▶ Exercise goal
Give again exactly the lines that run from the start of the records to the line holding "Dataset Tools is", both ends counted. Do not include the pictures.

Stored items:

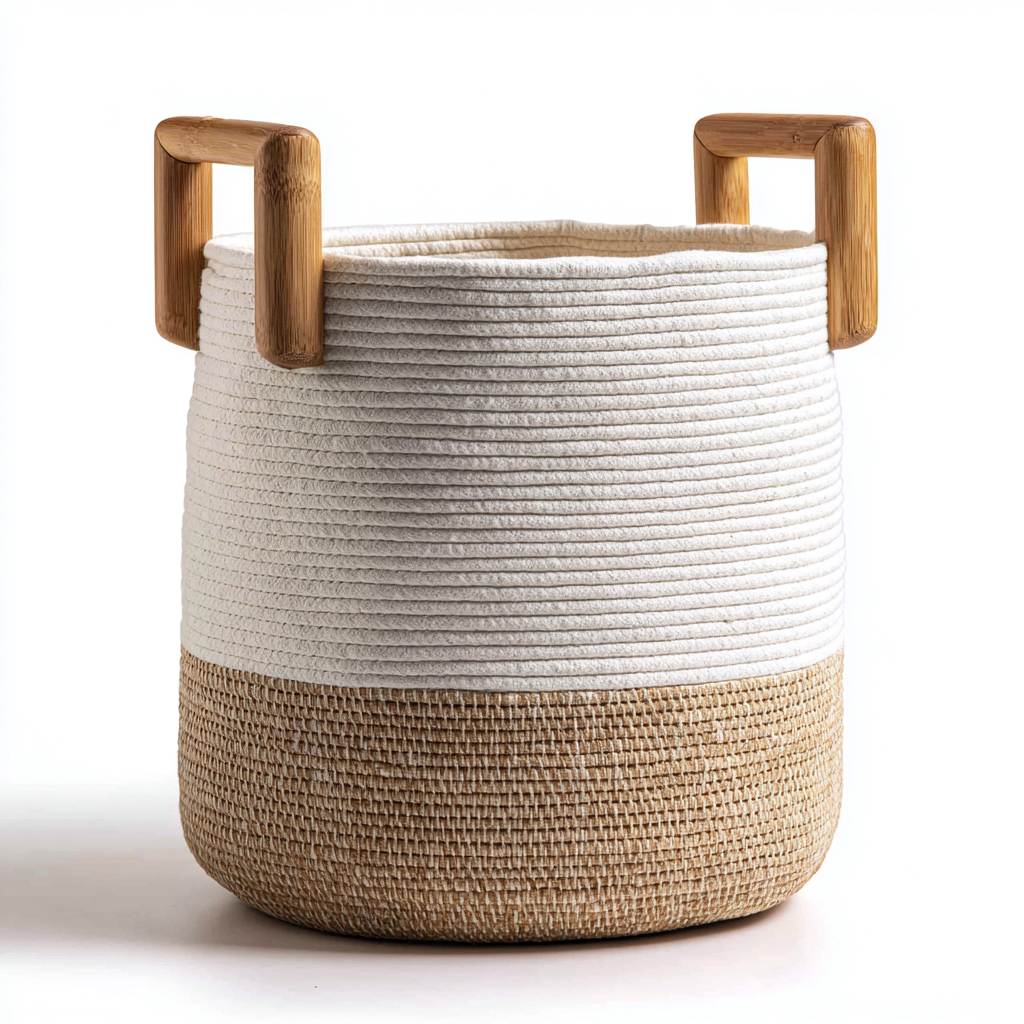 Der Korb besteht aus einer Kombination aus gewebtem Naturmaterial und gewickeltem Baumwollseil. Die beiden massiven Holzgriffe sorgen für eine stabile Handhabung und unterstreichen den natürlichen Charakter.
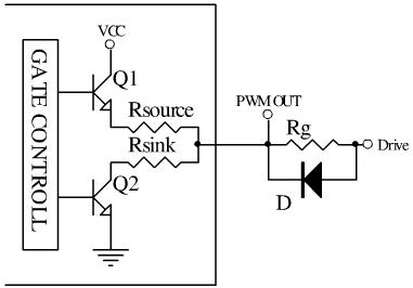 一般IC的PWM OUT輸出如左圖所示,內部集成了限流電阻Rsource和Rsink,通常Rsource>Rsink,具體數值大小同IC的峰值驅動輸出能力有關,可以近似認為R=Vcc/Ipeak。一般IC的驅動輸出能力在0.5A左右,因此Rsource在20Ω左右。
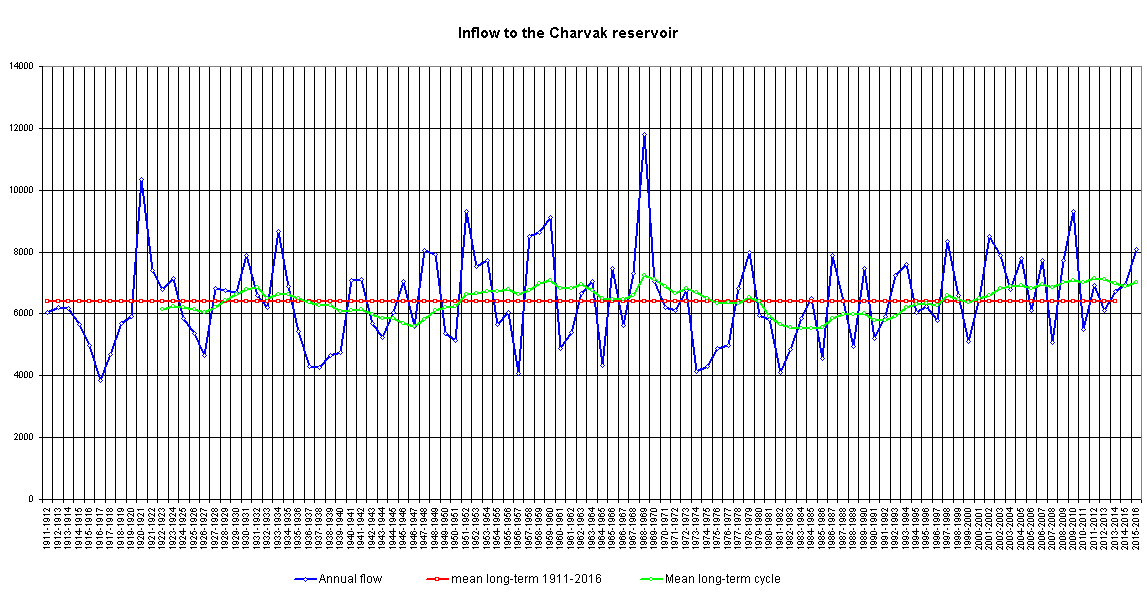 Average monthly values (water flowing into the Charvak reservoir)
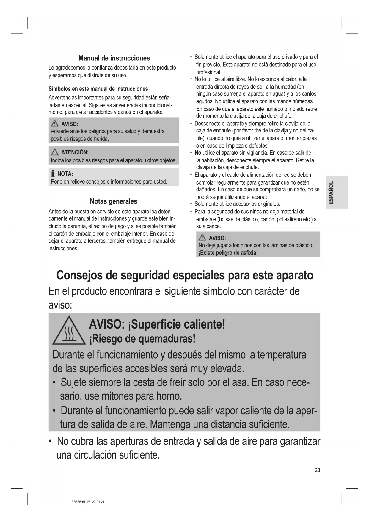 - No cubra las aperturas de entrada y salida de aire para garantizar una circulación suciente.FR3769H_IM 27.01.21
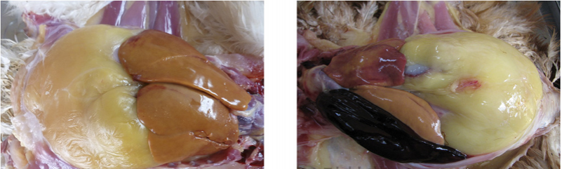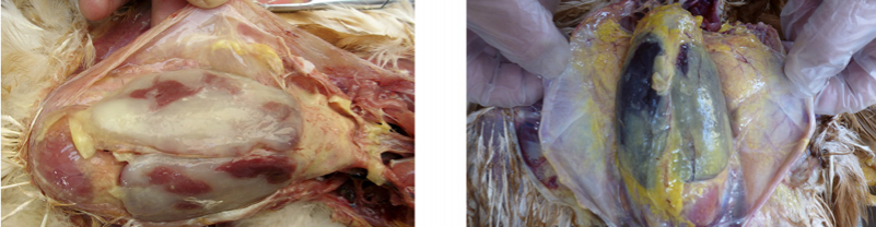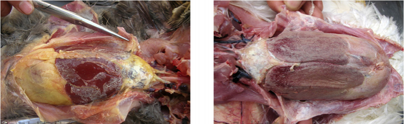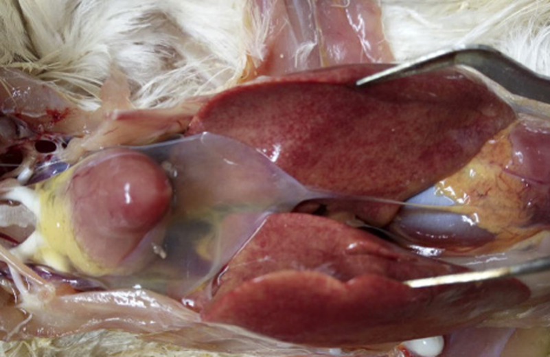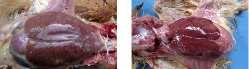 1、雞大腸桿菌?。焊闻K、心臟的周圍形成一層灰白色或灰黃色纖維素性包膜,又稱作包心、包肝。
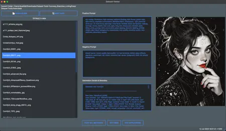 Dataset Tools is a desktop application for browsing and managing AI image datasets with comprehensive metadata extraction. Whether you're organizing generations from A1111, ComfyUI, Civitai, or other tools - or just curious what parameters were used to create that cool image - Dataset Tools has you covered.
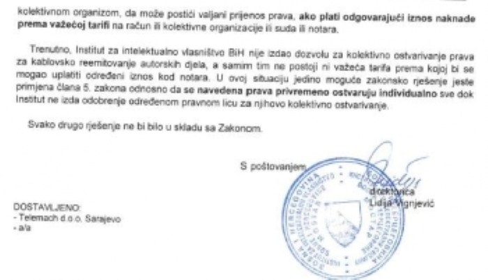 Kada se uspostavi bosanskohercegovačka agencija koja će po zakonu ubirati naknade za korištenje audiovizuelnih (av) prava Telemach će sve retroaktivno platiti...
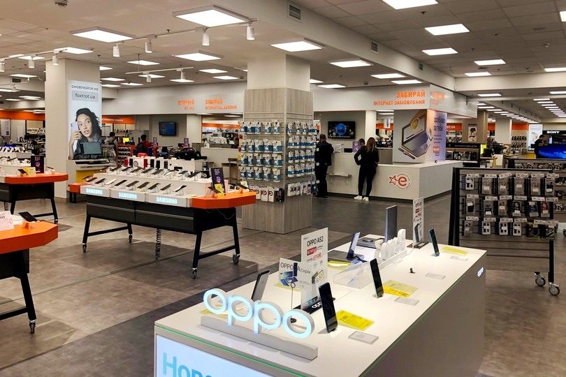 У столиці це вже п’ятий Фокстрот такого формату. Загальна площа – 2077 кв. м, торгова – 1500 кв. м, що дозволило забезпечити максимальну представленість асортименту в усіх категоріях товару. До існуючих додалися нові бренд-зони від ТМ Gazer, LG (телевізори), Electrolux (велика побутова техніка), шоу-рум від Huawei тощо. Це дає можливість покупцям протестувати техніку і купити ту, що найбільше відповідає потребам.

▶ Your solution
 Der Korb besteht aus einer Kombination aus gewebtem Naturmaterial und gewickeltem Baumwollseil. Die beiden massiven Holzgriffe sorgen für eine stabile Handhabung und unterstreichen den natürlichen Charakter.
 一般IC的PWM OUT輸出如左圖所示,內部集成了限流電阻Rsource和Rsink,通常Rsource>Rsink,具體數值大小同IC的峰值驅動輸出能力有關,可以近似認為R=Vcc/Ipeak。一般IC的驅動輸出能力在0.5A左右,因此Rsource在20Ω左右。
 Average monthly values (water flowing into the Charvak reservoir)
 - No cubra las aperturas de entrada y salida de aire para garantizar una circulación suciente.FR3769H_IM 27.01.21
 1、雞大腸桿菌?。焊闻K、心臟的周圍形成一層灰白色或灰黃色纖維素性包膜,又稱作包心、包肝。
 Dataset Tools is a desktop application for browsing and managing AI image datasets with comprehensive metadata extraction. Whether you're organizing generations from A1111, ComfyUI, Civitai, or other tools - or just curious what parameters were used to create that cool image - Dataset Tools has you covered.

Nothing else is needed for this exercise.